(SUPPLIED DATA)

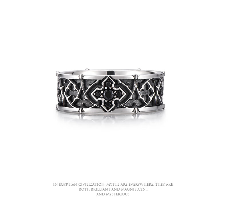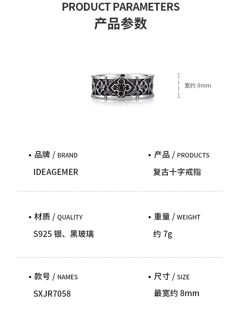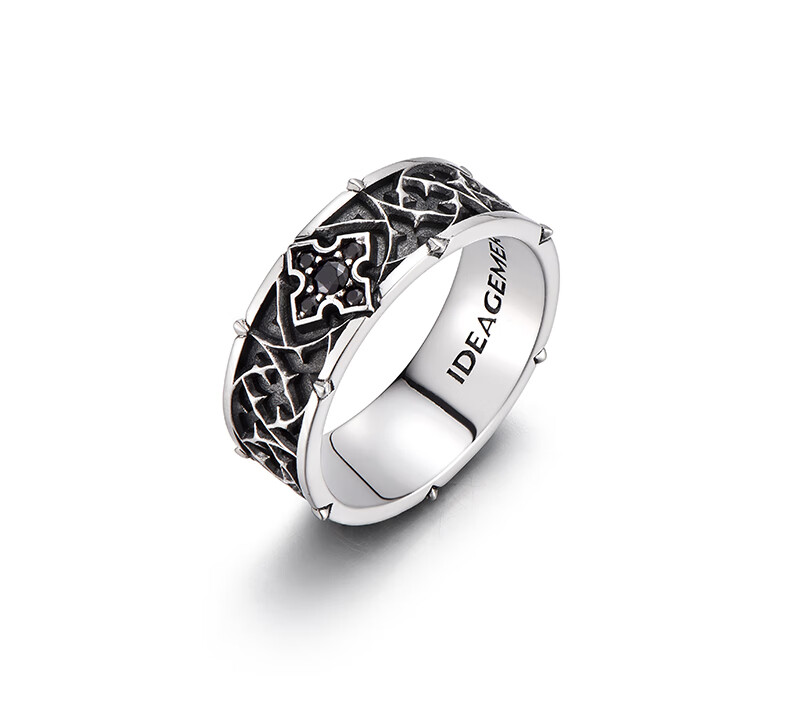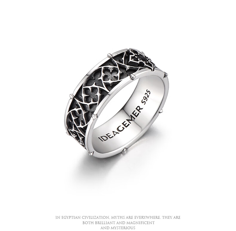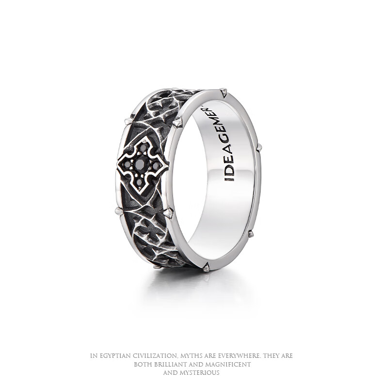 IDEAGEMER925 silver thorns cross ring men's personality retro niche design handsome and versatile boys' ring trend thorns cross ring No. 22
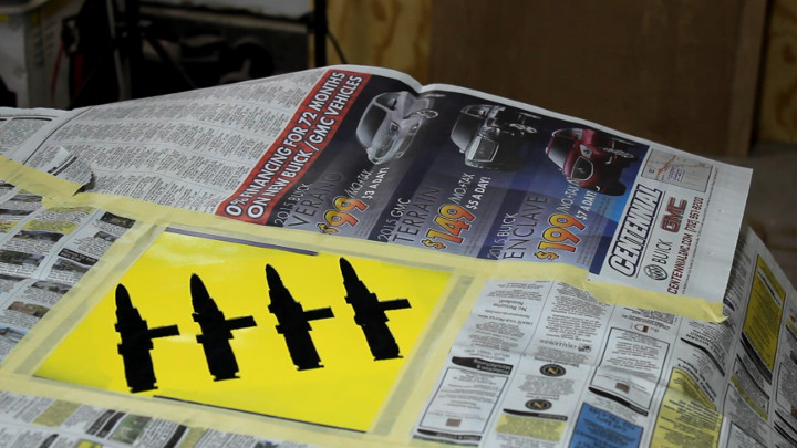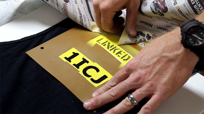 After you position the stencil on the shirt, use tape and newspaper to mask off anything you don’t want to paint.
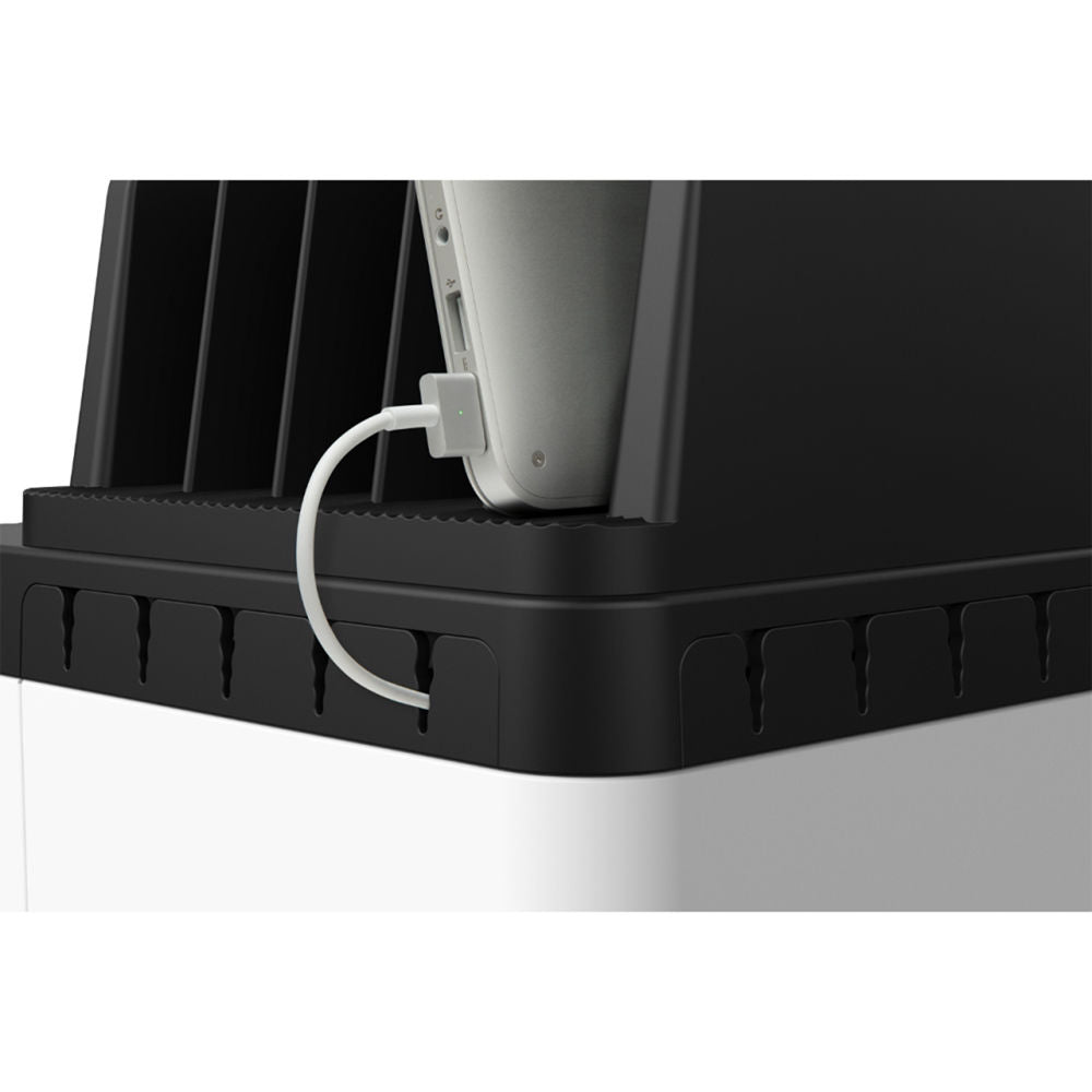 Simply plug in the RockStar's 120W power supply to an available AC outlet and you're ready to go. Connect a charging cable to your device, then place it into a divider slot, to rest and charge until you need it again. The trays support many device types, such as Chromebooks, laptops, tablets, and more. The RockStar provides each of your devices with up to 2.4A of fast charging power.
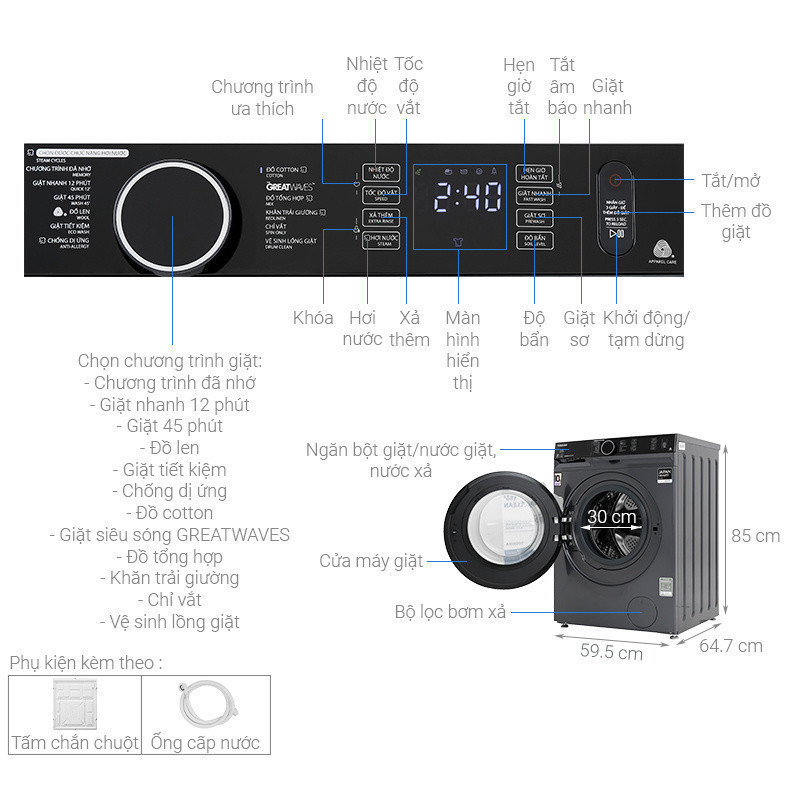 Tiện ích:Hẹn giờ giặtKhóa trẻ emThêm đồ trong khi giặtTự khởi động lại khi có điệnVệ sinh lồng giặtĐèn chiếu sáng lồng giặtChế độ giặt sơ tự độngThông tin lắp đặtKích thước, khối lượng:Cao 85 cm – Ngang 59.5 cm – Sâu 64.7 cm – Nặng 72 kg

(End SUPPLIED DATA)

*WORK ITEM*
With the images removed, write out all of the material above exactly.

*WORKED SOLUTION*
 IDEAGEMER925 silver thorns cross ring men's personality retro niche design handsome and versatile boys' ring trend thorns cross ring No. 22
 After you position the stencil on the shirt, use tape and newspaper to mask off anything you don’t want to paint.
 Simply plug in the RockStar's 120W power supply to an available AC outlet and you're ready to go. Connect a charging cable to your device, then place it into a divider slot, to rest and charge until you need it again. The trays support many device types, such as Chromebooks, laptops, tablets, and more. The RockStar provides each of your devices with up to 2.4A of fast charging power.
 Tiện ích:Hẹn giờ giặtKhóa trẻ emThêm đồ trong khi giặtTự khởi động lại khi có điệnVệ sinh lồng giặtĐèn chiếu sáng lồng giặtChế độ giặt sơ tự độngThông tin lắp đặtKích thước, khối lượng:Cao 85 cm – Ngang 59.5 cm – Sâu 64.7 cm – Nặng 72 kg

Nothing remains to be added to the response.